I have been jonesin to go tele but just bought new boots last year.  At Ski Sundown last week, I thought I saw someone with teles and regular boots.  Do you need a special binding or will regular boots work?

Thanks


----------



## amf (Jan 5, 2010)

Gremf said:


> ...I thought I saw someone with teles and regular boots.  Do you need a special binding or will regular boots work?



You may have seen someone on the NTN bindings... I believe they still require a special boot.


----------



## SKIQUATTRO (Jan 5, 2010)

u need the NTN

www.telemarkdown.com


----------



## TheBEast (Jan 5, 2010)

This could have been an alpine touring type binding.  There is an older guy at Berkshire East who skis this older alpine touring set-up that has a regular alpine boot but has a lockable heel.  I question this set-up as it really isn't tele and I'm not sure why he would want to ski them unlocked, when he probably really shouldn't be skiing them unlocked and they were probably meant to be unlocked on the ascent and locked on the decent.

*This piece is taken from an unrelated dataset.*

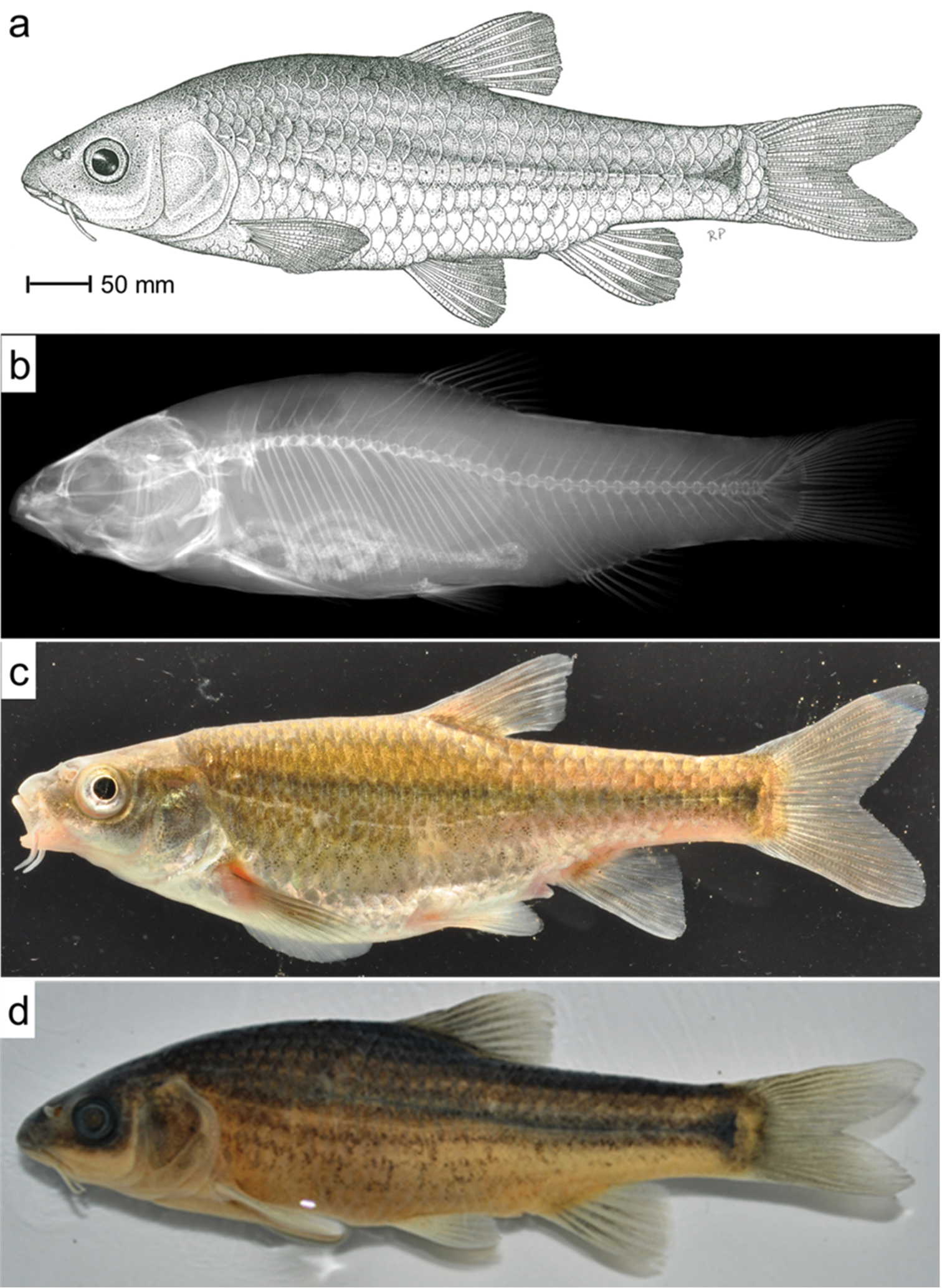 a Habitus of Pseudobarbus verloreni sp. n. (holotype, SAIAB186092). Drawing by R. Palmer b Radiograph of Pseudobarbus verloreni sp. n. (holotype, SAIAB186092) c Live colours of Pseudobarbus verloreni sp. n. (SAIAB186108). Picture by W. Bronaugh d Preserved colours of Pseudobarbus verloreni sp. n. (holotype, SAIAB186092).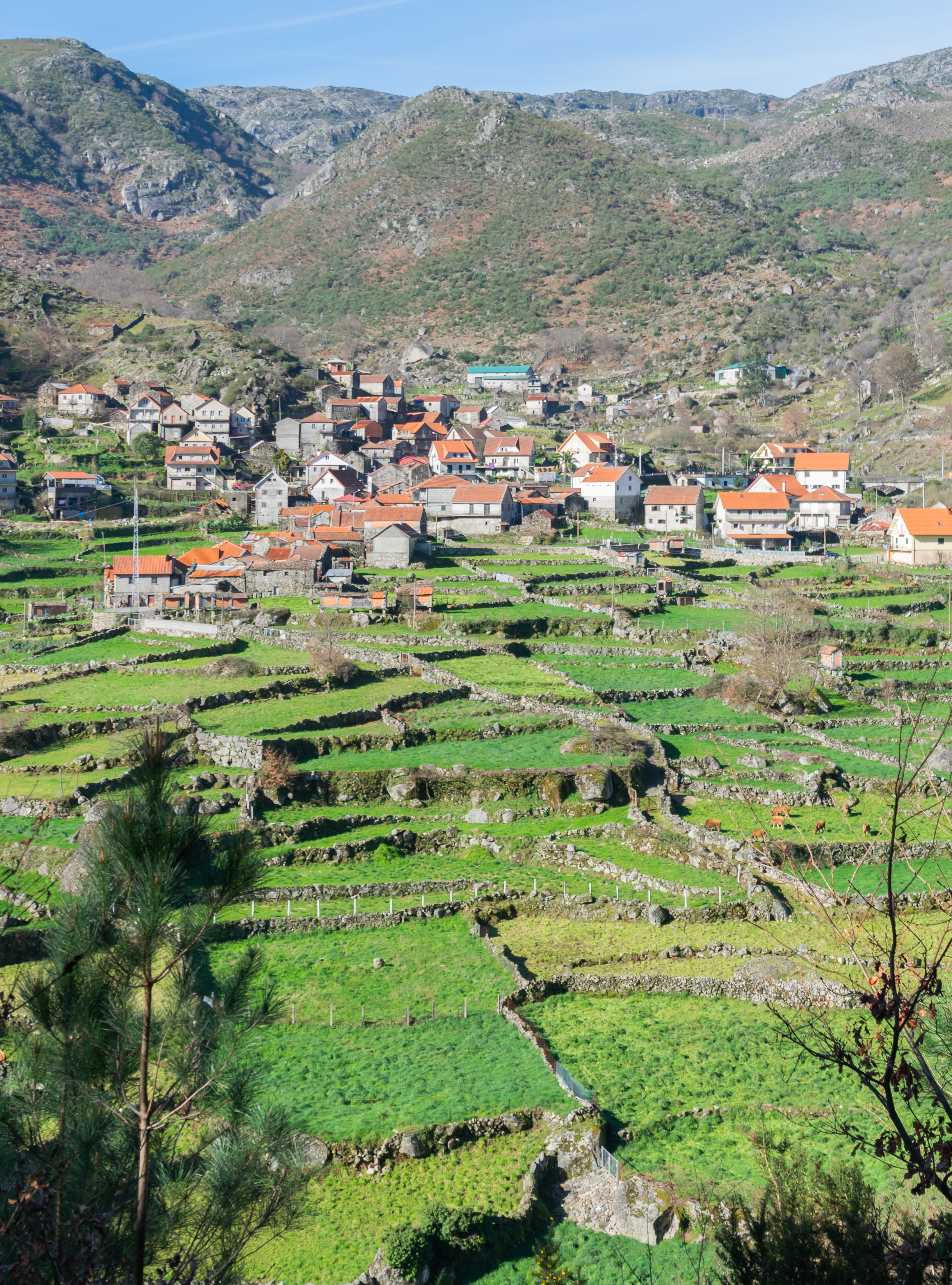 Rouças settlement in Gavieira parish in commune of Arcos de Valdevez, Minho, Portugal

Either way a tele binding needs a tele boot.


----------



## selski (Jan 5, 2010)

That was most likely a randonee set up.  The boots are similar to regular alpine boots but not exactly.  The bindings unlock to free the heel for climbing and lock for the downhill.  Go for the true tele experience, it is worth it.  Unfortunately my brand new skis never left the rack again after I made the switch.


----------



## JD (Jan 5, 2010)

Randonee=french for can't telemark.


----------



## JD (Jan 5, 2010)

Look for deals on used tele boots.  Lots of folks have been going to stiffer and stiffer boots.  you can score some nice lighter boots for cheap, like less the a C note at some stores like Outdoor Gear Exchange.  You can buy a scaled BC ski and binding for about 120 bucks.   Great little set up to get out in the back woods or local MTB trails, or sledding hill...start to get the feel for it.  If you like touring, you will know immediately.


----------



## Gremf (Jan 5, 2010)

JD said:


> You can buy a scaled BC ski and binding for about 120 bucks.



Where is this?


----------